- _EXERCISE GOAL_
Would you print out all of the data exactly and keep the pictures out of it?

- _INFORMATION SHOWN_
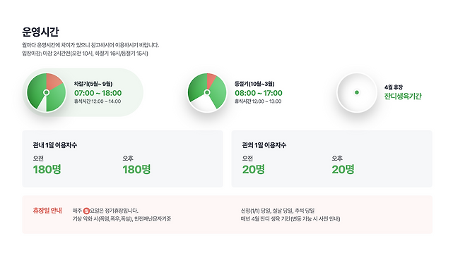 운영시간은 계절에 따라 달라집니다. 하절기(5-9월)에는 오전 7시부터 오후 6시까지, 동절기(10-3월)에는 오전 8시부터 오후 5시까지 운영됩니다.
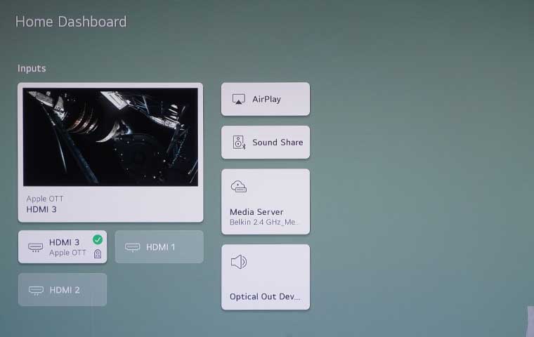 Other available inputs include two USB Type A ports, an RJ-45 ethernet port, and an optical digital output.
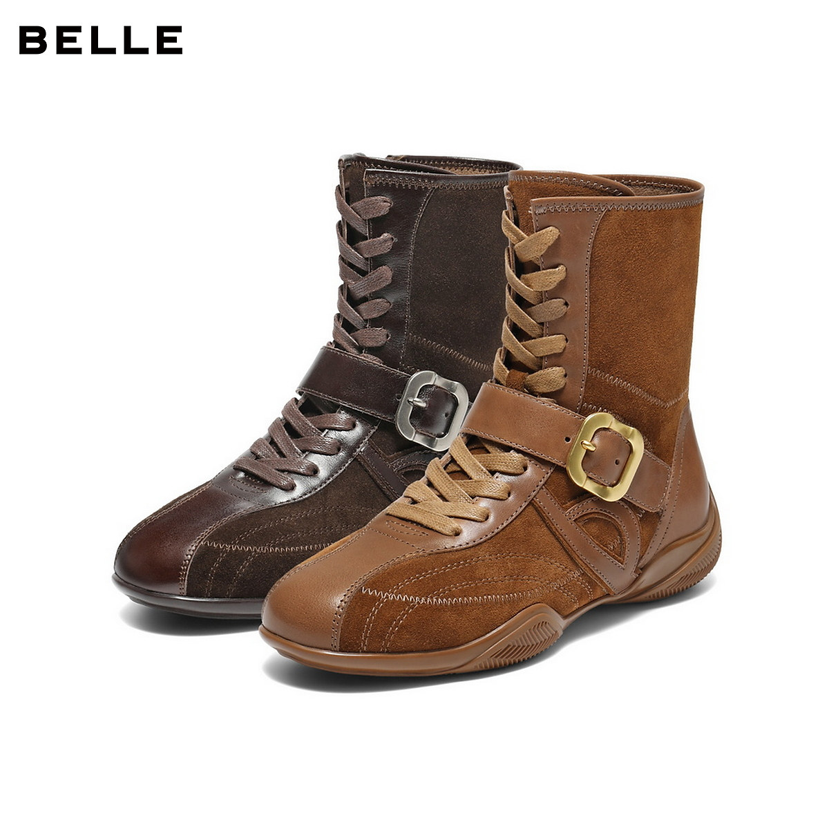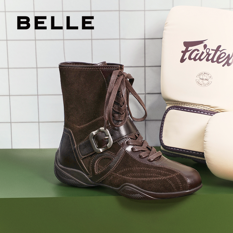 休闲短靴E5R1DDZ5 新款 百丽运动风拳击靴厚底西部靴子女鞋 冬季

- _RESULT_
 운영시간은 계절에 따라 달라집니다. 하절기(5-9월)에는 오전 7시부터 오후 6시까지, 동절기(10-3월)에는 오전 8시부터 오후 5시까지 운영됩니다.
 Other available inputs include two USB Type A ports, an RJ-45 ethernet port, and an optical digital output.
 休闲短靴E5R1DDZ5 新款 百丽运动风拳击靴厚底西部靴子女鞋 冬季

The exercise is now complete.